# Dear Mum & Dad



## Cornishaich (Oct 18, 2009)

Text of a letter from a kid from Eromanga to Mum and Dad. (For Those of you not in the know, Eromanga is a small town, west of Quilpie in the far south west of Queensland ) 

Dear Mum & Dad,

I am well. Hope youse are too. Tell me big brothers Doug and Phil that the Army is better than workin' on the farm - tell them to get in bloody quick smart before the jobs are all gone! I wuz a bit slow in settling down at first, because ya don't hafta get outta bed until 6am. But I like sleeping in now, cuz all ya gotta do before brekky is make ya bed and shine ya boots and clean ya uniform. No bloody cows to milk, no calves to feed, no feed to stack - nothin'!! Ya haz gotta shower though, but its not so bad, coz there's lotsa hot water and even a light to see what ya doing! 

At brekky ya get cereal, fruit and eggs but there's no kangaroo steaks or possum stew like wot Mum makes. You don't get fed again until noon and by that time all the city boys are buggered because we've been on a 'route march' - geez its only just like walking to the windmill in the back paddock!!

This one will kill me brothers Doug and Phil with laughter. I keep getting medals for shootin' - dunno why. The bullseye is as big as a bloody possum's bum and it don't move and it's not firing back at ya like the Johnsons did when our big scrubber bull got into their prize cows before the Ekka last year! All ya gotta do is make yourself comfortable and hit the target - it's a piece of ****!! You don't even load your own cartridges, they comes in little boxes, and ya don't have to steady yourself against the rollbar of the roo shooting truck when you reload!
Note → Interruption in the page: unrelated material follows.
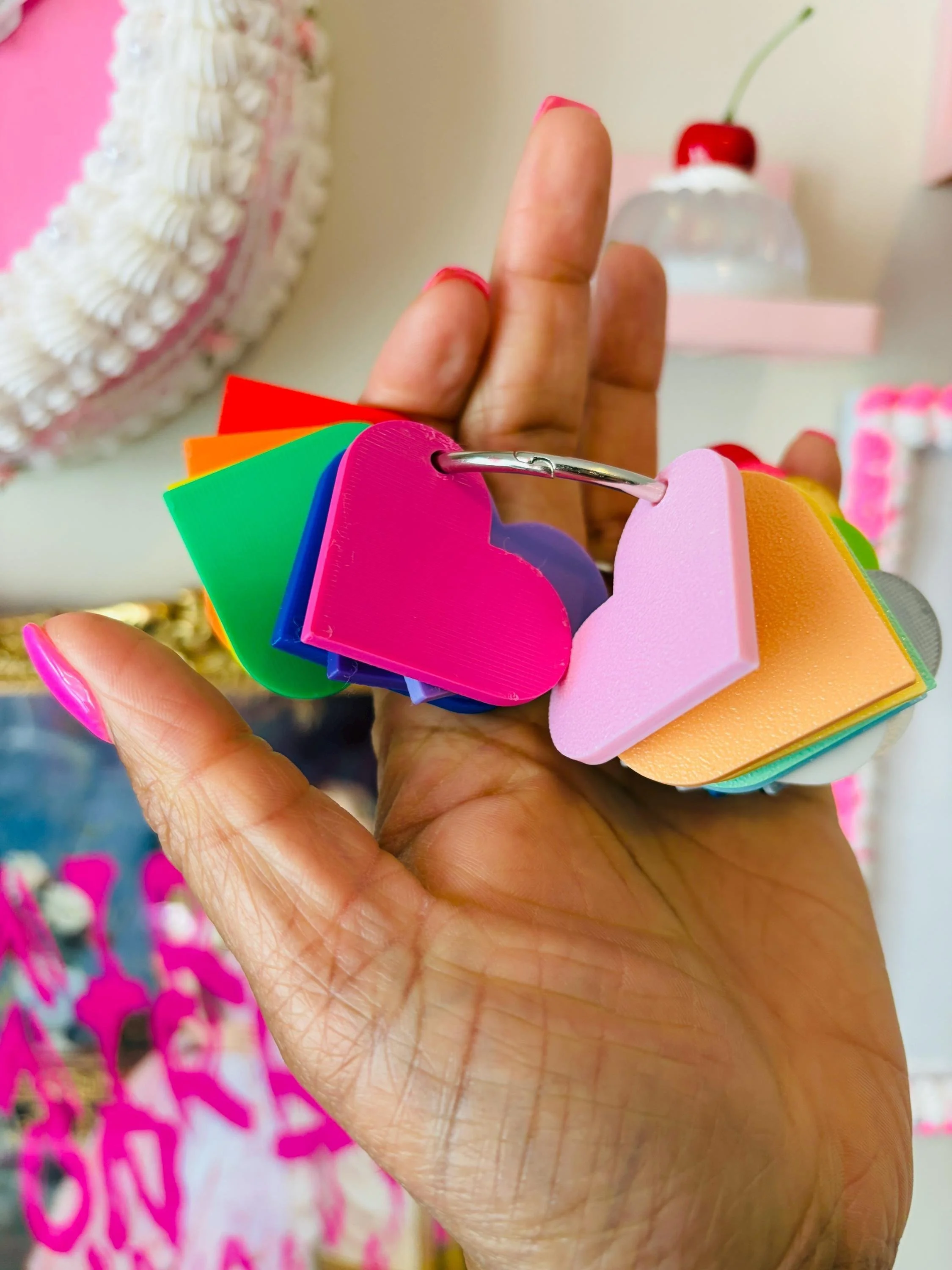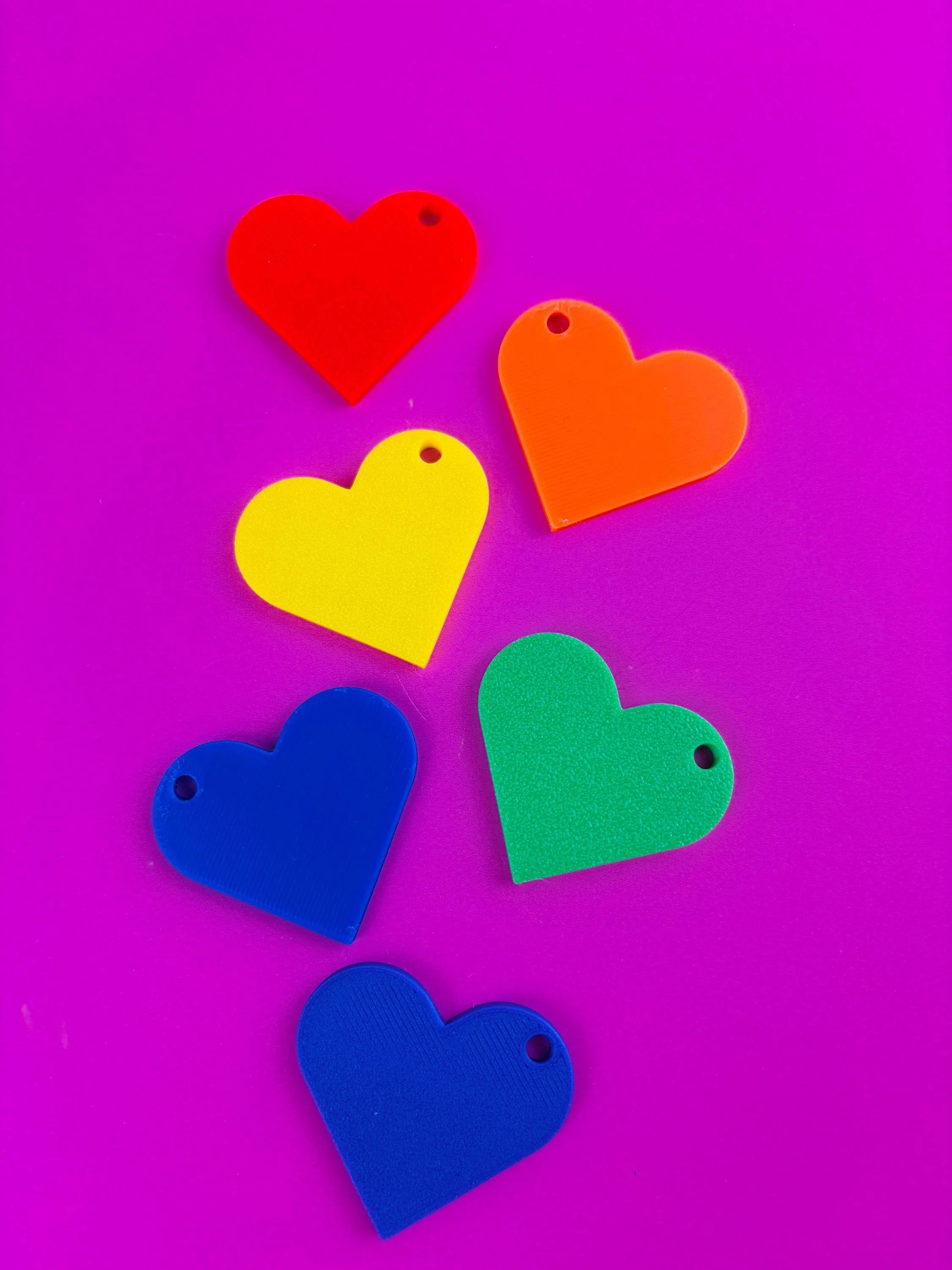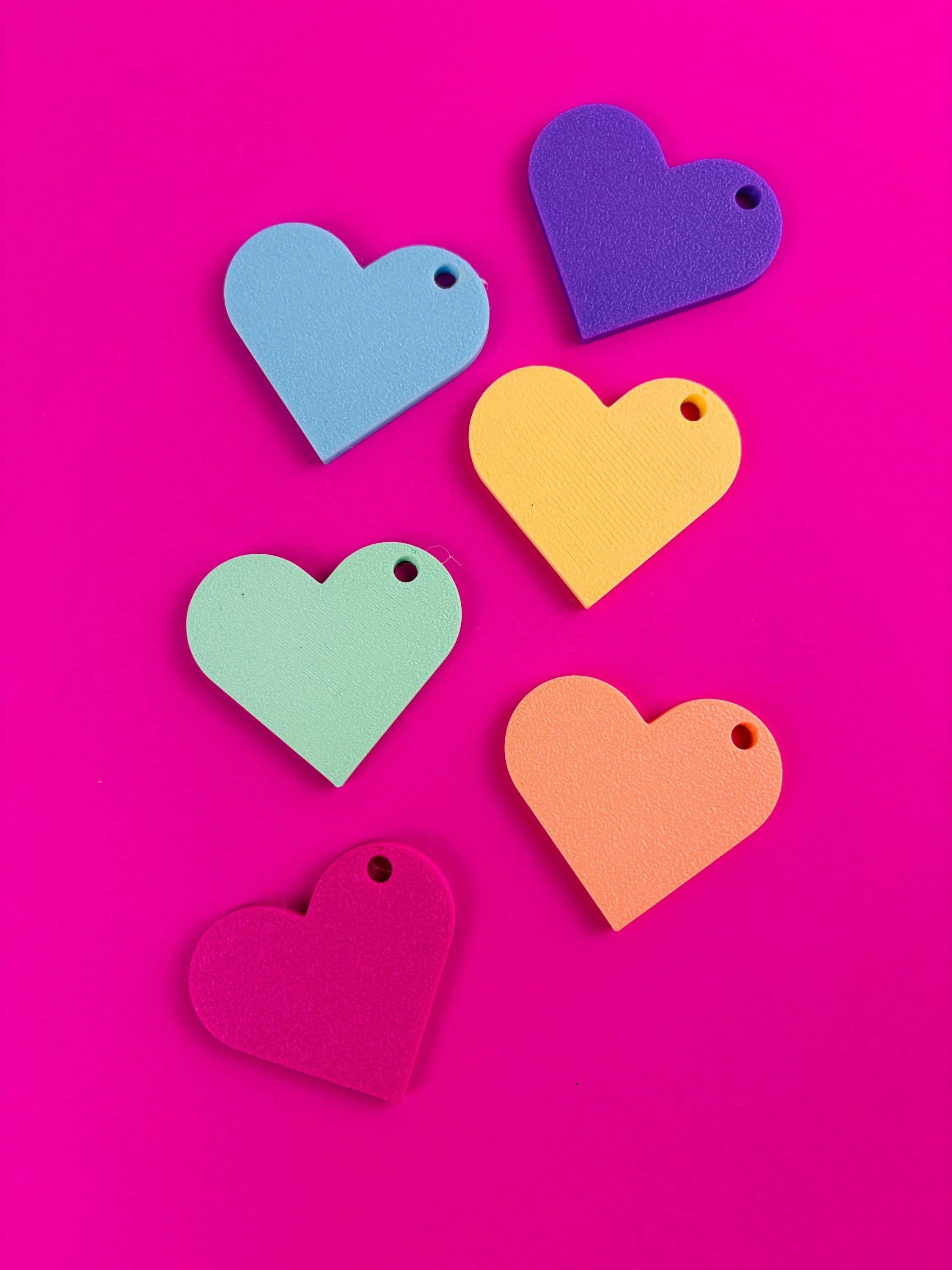 By printing one heart for each filament you own, you can build a physical color library that makes it easy to compare colors, organize materials, and show customers options for custom prints.

Sometimes ya gotta wrestle with the city boys and I gotta be real careful coz they break easy - it's not like fighting with Doug and Phil and Jack and Boori and Steve and Muzza all at once like we do at home after the muster.
Turns out I'm not a bad boxer either and it looks like I'm the best the platoon's got, and I've only been beaten by this one bloke from the Engineers - he's 6 foot 5 and 15 stone and three pick handles across the shoulders and as ya know I'm only 5 foot 7 and eight stone wringin' wet, but I fought him till the other blokes carried me off to the boozer.

I can't complain about the Army - tell the boys to get in quick before word gets around how bloody good it is.

Your loving daughter,

Sheila


----------



## aultymer (Jun 20, 2006)

Many thanks for that - I have been looking for a copy ever since my son married an Aussie gurl.


----------



## 100127 (Jul 20, 2006)

THat was funny :lol: :lol: Even funnier when I read the last two lines.. :lol: :lol:


----------